= Work instruction =
Scan the records for the string "jest"; copy each line where it occurs.

Data items:

--- --- ---

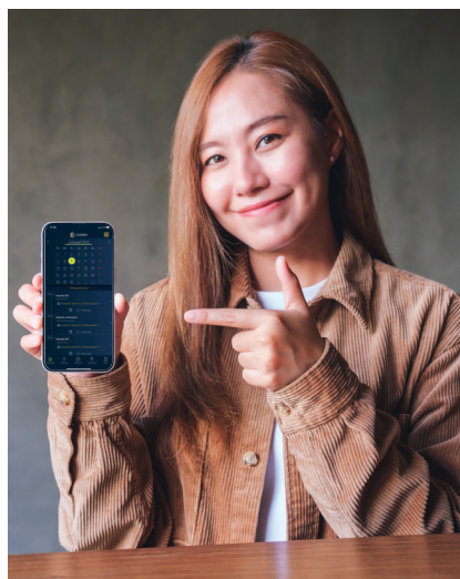
Aplikacja jest bezpłatna i nie zawiera reklam

Pobranie i korzystanie z Evenio jest całkowicie bezpłatne. Po zainstalowaniu aplikacji jesteśmy proszeni o określenie naszej lokalizacji: miejscowości, ulicy i numeru domu oraz o informację, czy mieszkamy w bloku czy w domu jednorodzinnym, po czym aplikacja automatycznie ściąga aktualny harmonogram odbioru śmieci w naszym rejonie. Ważnym
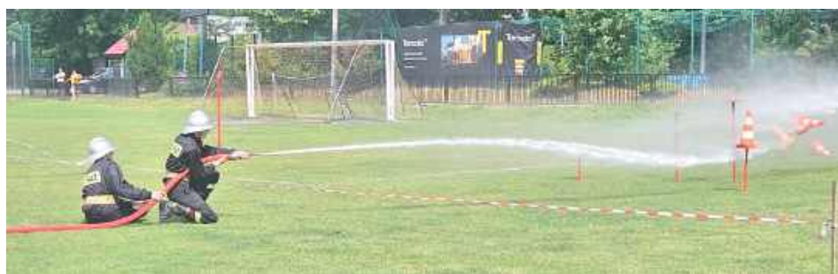
Zadaniem druhow było wycelowanie strumieniem wody w pachołki i strącenie ich w jak najkrótszym czasie

W strugach lejącego się z nieba lipcowego żaru, w pełnym umundowaniu i z determinacją godną prawdziwych bohaterów, druhowie z siedmiu jednostek OSP z gmin Nałęczów i Wąwolnica stanęli do sportowej rywalizacji. Międzygminne Zawody Sportowo-Pożarnicze, które odbyły się w niedzielę 6 lipca, okazały się nie tylko sprawdzianem sprawności, ale i widowiskiem pełnym emocji, pasji i strażackiej solidarności.
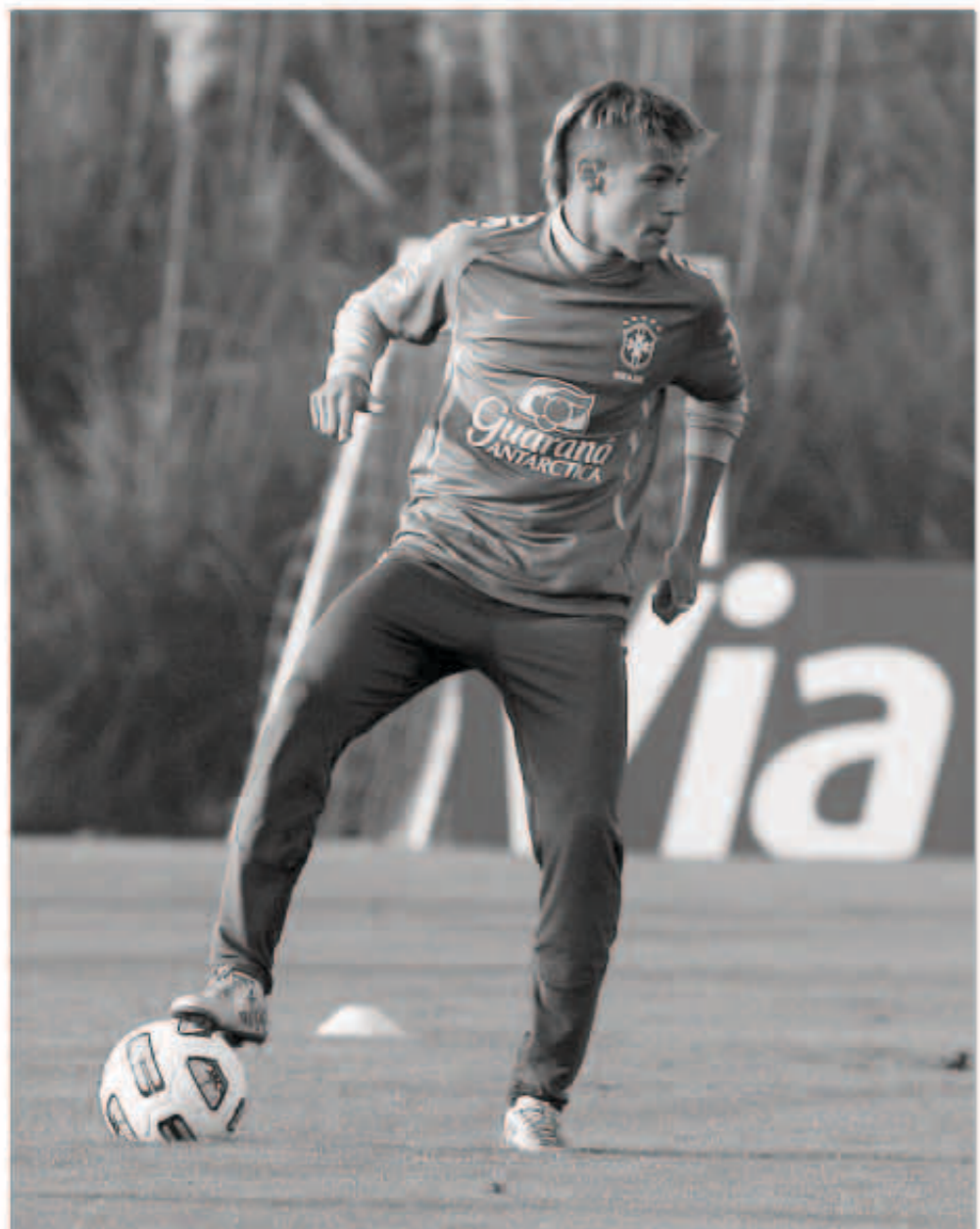
نيمار أمل البرازيل بالمونديال
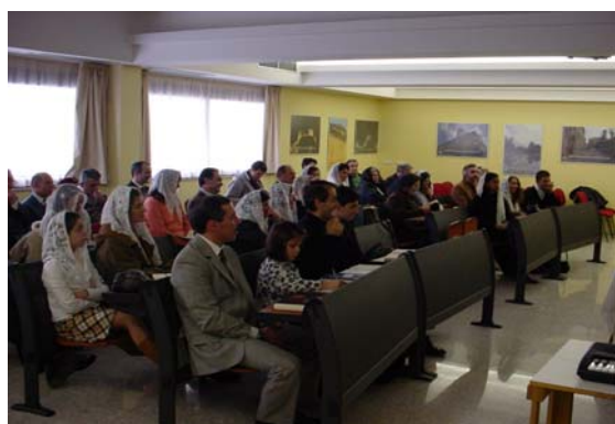
Una panoramica della sala gentilmente concessa per l'occasione dal Comune di Macerata Feltria

La giornata è terminata con l'amore fraterno vincitore, l'animo di tutti consapevole della maestà di Dio e la voglia di ritrovarsi per queste occasioni al più presto, certi che in ogni caso un giorno "tutti ci ritroveremo nel cielo", così come dicono le parole del canto che hanno chiuso il culto.
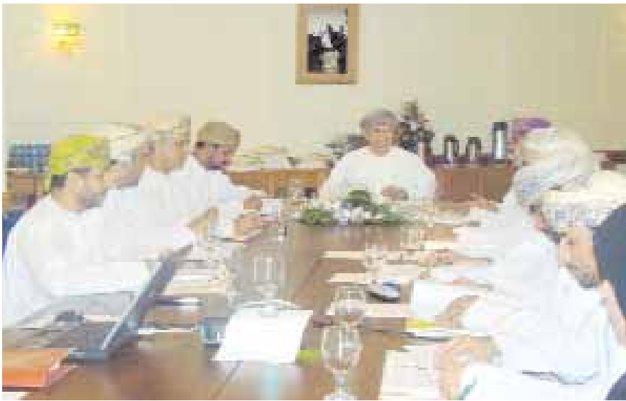
لجنة تطوير صحار اثناء اجتماعها امس

اللجنة عدة مواضيع خدمية وتنموية أهمها دراسة خصخصة قطاع الصرف الصحي والمواضيع السياحية في الولاية وأهمية تفعيلها وذلك بالتنسيق مع الجهات المختصة في هذا الشأن. كما ناقشت اللجنة وضع اسس تسعيرة سيارات الأجرة في الولاية بالإضافة الى ما توصلت اليه نتائج الدراسة الاولية للخارطة الهيكلية والجاري تنفيذها حاليا، واجازت اللجنة بعض المشاريع الاستثمارية تمهيدا لرفعها الى الجهات المختصة، وناقشت اللجنة أيضاً بعض الموضوعات المدرجة على جدول الاعمال والمواضيع المستجدة واتخذت بشأنها القرارات والتوصيات اللازمة.
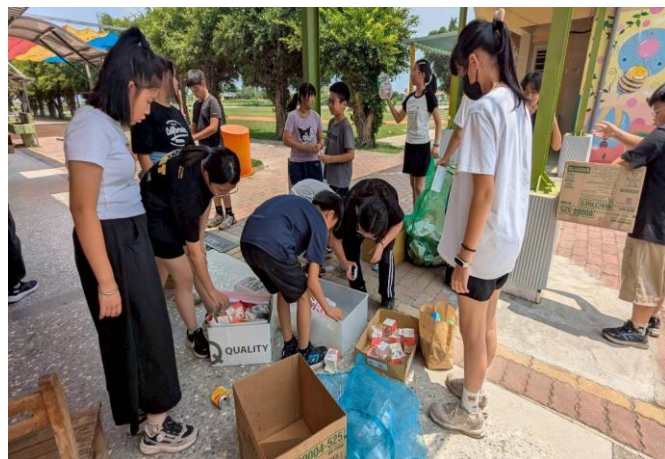
每週五環保小尖兵協助資源回收
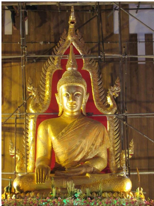
พระเจ้าใหญ่อินทร์แปลง
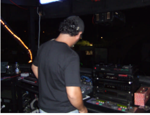
Resim 2.9: Ses ve ışık kontrol odası
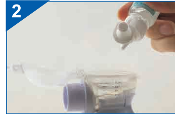
Wlej odpowiednią ilość leku nie przekraczając maksymalnej granicy (skala oznaczona z boku zbiornika)
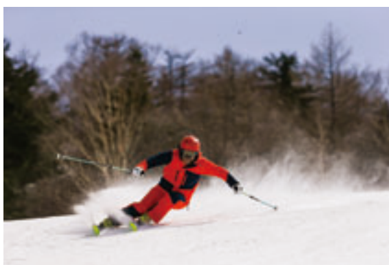
問い合わせ先 青森スプリング・スキーリゾート TEL 0173-72-1011

鱒ヶ沢町の山あい広がる「青森スプリング・スキーリゾート」は、豊富な雪と広大な日本海を望む特別な場所です。上質なパウダースノーと多彩なコースが魅力で、スキーやスノーボードを存分に楽しめます。雄大な海景を望む絶景のなか、心躍る冬のひとときをお過ごしください。
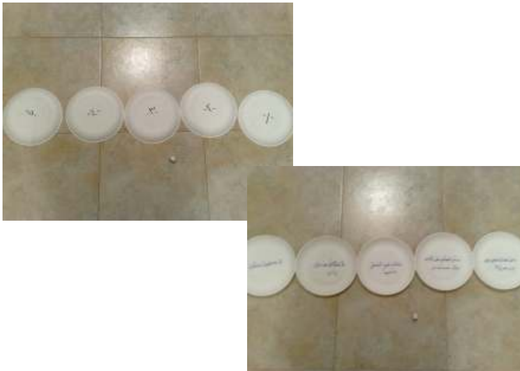
لعبة مكعب الأعداد (وسيلة صيانة لمادة القراءة)
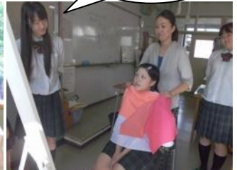
パーソナルカラー
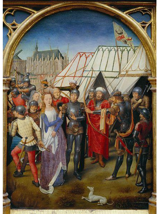
Hans Memling: Szent Orsolya mártírhalála

--- --- ---

= Task answer =
Aplikacja jest bezpłatna i nie zawiera reklam
Pobranie i korzystanie z Evenio jest całkowicie bezpłatne. Po zainstalowaniu aplikacji jesteśmy proszeni o określenie naszej lokalizacji: miejscowości, ulicy i numeru domu oraz o informację, czy mieszkamy w bloku czy w domu jednorodzinnym, po czym aplikacja automatycznie ściąga aktualny harmonogram odbioru śmieci w naszym rejonie. Ważnym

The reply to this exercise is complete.